*** Material for this exercise

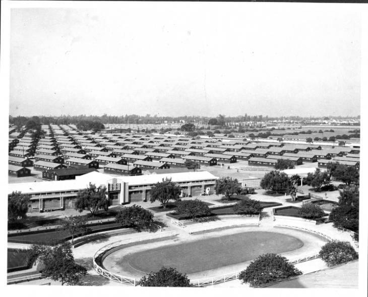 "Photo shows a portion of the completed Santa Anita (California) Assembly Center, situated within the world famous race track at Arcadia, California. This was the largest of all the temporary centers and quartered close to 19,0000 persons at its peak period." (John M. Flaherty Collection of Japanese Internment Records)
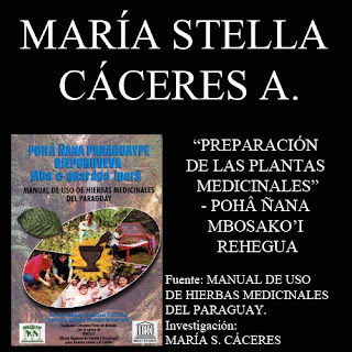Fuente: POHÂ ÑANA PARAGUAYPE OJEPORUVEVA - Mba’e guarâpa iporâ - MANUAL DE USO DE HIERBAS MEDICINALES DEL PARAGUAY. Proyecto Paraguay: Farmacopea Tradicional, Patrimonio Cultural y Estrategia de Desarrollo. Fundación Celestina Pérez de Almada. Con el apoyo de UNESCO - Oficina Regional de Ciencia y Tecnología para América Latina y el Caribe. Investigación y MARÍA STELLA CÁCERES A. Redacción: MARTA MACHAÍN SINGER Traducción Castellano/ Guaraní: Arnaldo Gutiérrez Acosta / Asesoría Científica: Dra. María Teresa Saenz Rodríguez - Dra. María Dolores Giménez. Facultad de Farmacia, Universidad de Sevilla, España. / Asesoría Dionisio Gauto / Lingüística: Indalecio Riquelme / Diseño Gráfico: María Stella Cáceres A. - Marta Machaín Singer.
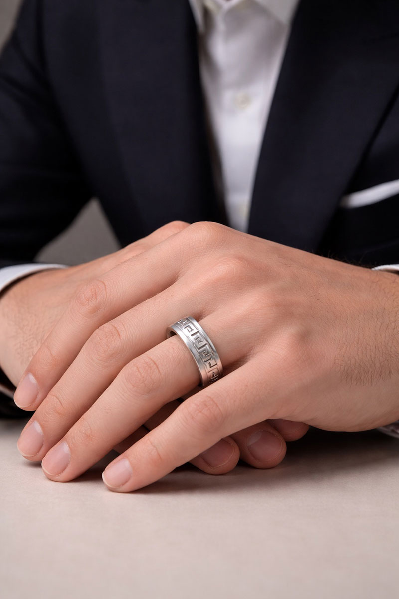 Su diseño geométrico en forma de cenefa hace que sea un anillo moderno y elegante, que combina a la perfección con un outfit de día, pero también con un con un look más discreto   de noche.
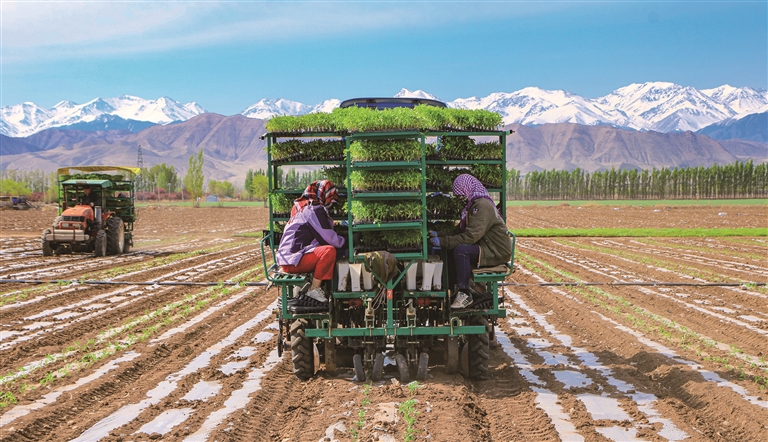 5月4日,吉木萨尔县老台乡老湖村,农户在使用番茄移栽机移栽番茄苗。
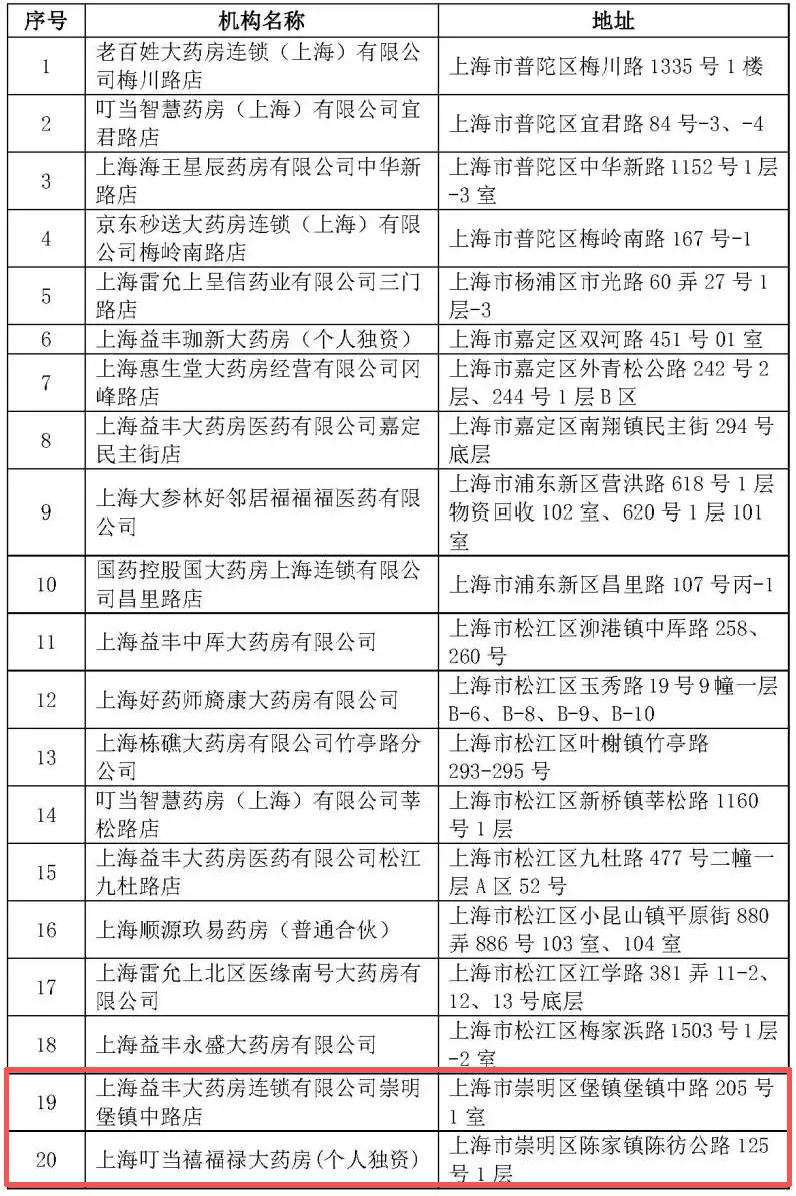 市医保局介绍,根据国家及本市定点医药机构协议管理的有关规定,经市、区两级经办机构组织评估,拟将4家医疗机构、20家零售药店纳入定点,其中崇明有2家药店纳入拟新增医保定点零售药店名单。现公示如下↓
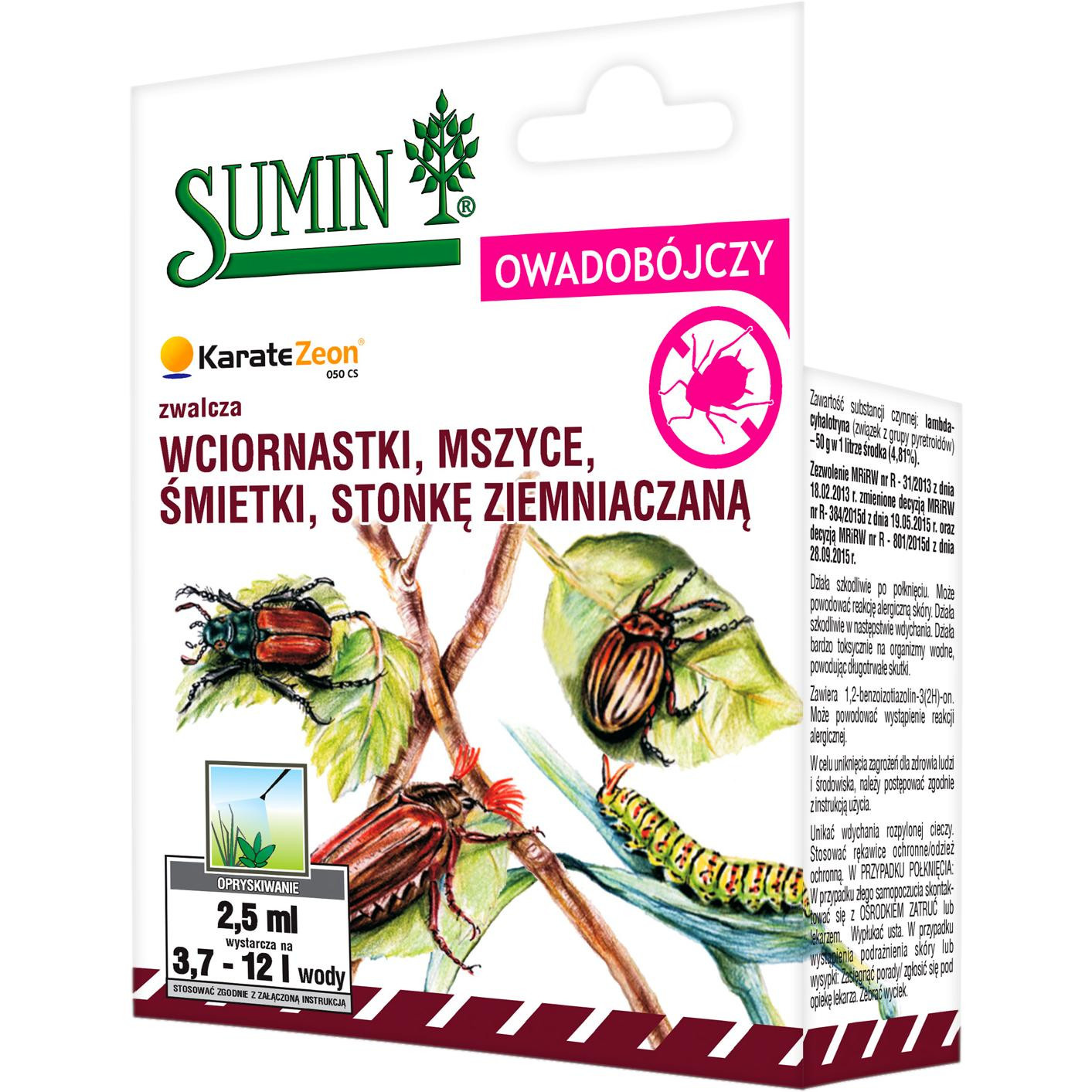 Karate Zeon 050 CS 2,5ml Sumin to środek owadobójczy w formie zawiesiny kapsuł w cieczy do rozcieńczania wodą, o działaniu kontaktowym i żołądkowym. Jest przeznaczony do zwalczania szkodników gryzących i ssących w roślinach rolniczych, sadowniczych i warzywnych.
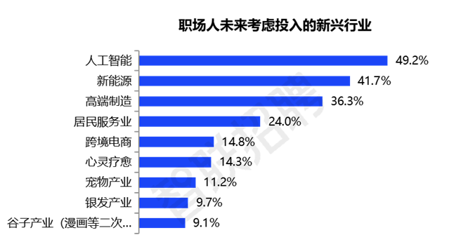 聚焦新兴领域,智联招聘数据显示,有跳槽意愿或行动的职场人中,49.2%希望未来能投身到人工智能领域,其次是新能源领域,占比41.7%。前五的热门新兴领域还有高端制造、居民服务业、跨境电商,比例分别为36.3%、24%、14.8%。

******

> **How to complete this task**
Return the full listing exactly as written, without any of its images.

> **Answer to this task**
 "Photo shows a portion of the completed Santa Anita (California) Assembly Center, situated within the world famous race track at Arcadia, California. This was the largest of all the temporary centers and quartered close to 19,0000 persons at its peak period." (John M. Flaherty Collection of Japanese Internment Records)
Fuente: POHÂ ÑANA PARAGUAYPE OJEPORUVEVA - Mba’e guarâpa iporâ - MANUAL DE USO DE HIERBAS MEDICINALES DEL PARAGUAY. Proyecto Paraguay: Farmacopea Tradicional, Patrimonio Cultural y Estrategia de Desarrollo. Fundación Celestina Pérez de Almada. Con el apoyo de UNESCO - Oficina Regional de Ciencia y Tecnología para América Latina y el Caribe. Investigación y MARÍA STELLA CÁCERES A. Redacción: MARTA MACHAÍN SINGER Traducción Castellano/ Guaraní: Arnaldo Gutiérrez Acosta / Asesoría Científica: Dra. María Teresa Saenz Rodríguez - Dra. María Dolores Giménez. Facultad de Farmacia, Universidad de Sevilla, España. / Asesoría Dionisio Gauto / Lingüística: Indalecio Riquelme / Diseño Gráfico: María Stella Cáceres A. - Marta Machaín Singer.
 Su diseño geométrico en forma de cenefa hace que sea un anillo moderno y elegante, que combina a la perfección con un outfit de día, pero también con un con un look más discreto   de noche.
 5月4日,吉木萨尔县老台乡老湖村,农户在使用番茄移栽机移栽番茄苗。
 市医保局介绍,根据国家及本市定点医药机构协议管理的有关规定,经市、区两级经办机构组织评估,拟将4家医疗机构、20家零售药店纳入定点,其中崇明有2家药店纳入拟新增医保定点零售药店名单。现公示如下↓
 Karate Zeon 050 CS 2,5ml Sumin to środek owadobójczy w formie zawiesiny kapsuł w cieczy do rozcieńczania wodą, o działaniu kontaktowym i żołądkowym. Jest przeznaczony do zwalczania szkodników gryzących i ssących w roślinach rolniczych, sadowniczych i warzywnych.
 聚焦新兴领域,智联招聘数据显示,有跳槽意愿或行动的职场人中,49.2%希望未来能投身到人工智能领域,其次是新能源领域,占比41.7%。前五的热门新兴领域还有高端制造、居民服务业、跨境电商,比例分别为36.3%、24%、14.8%。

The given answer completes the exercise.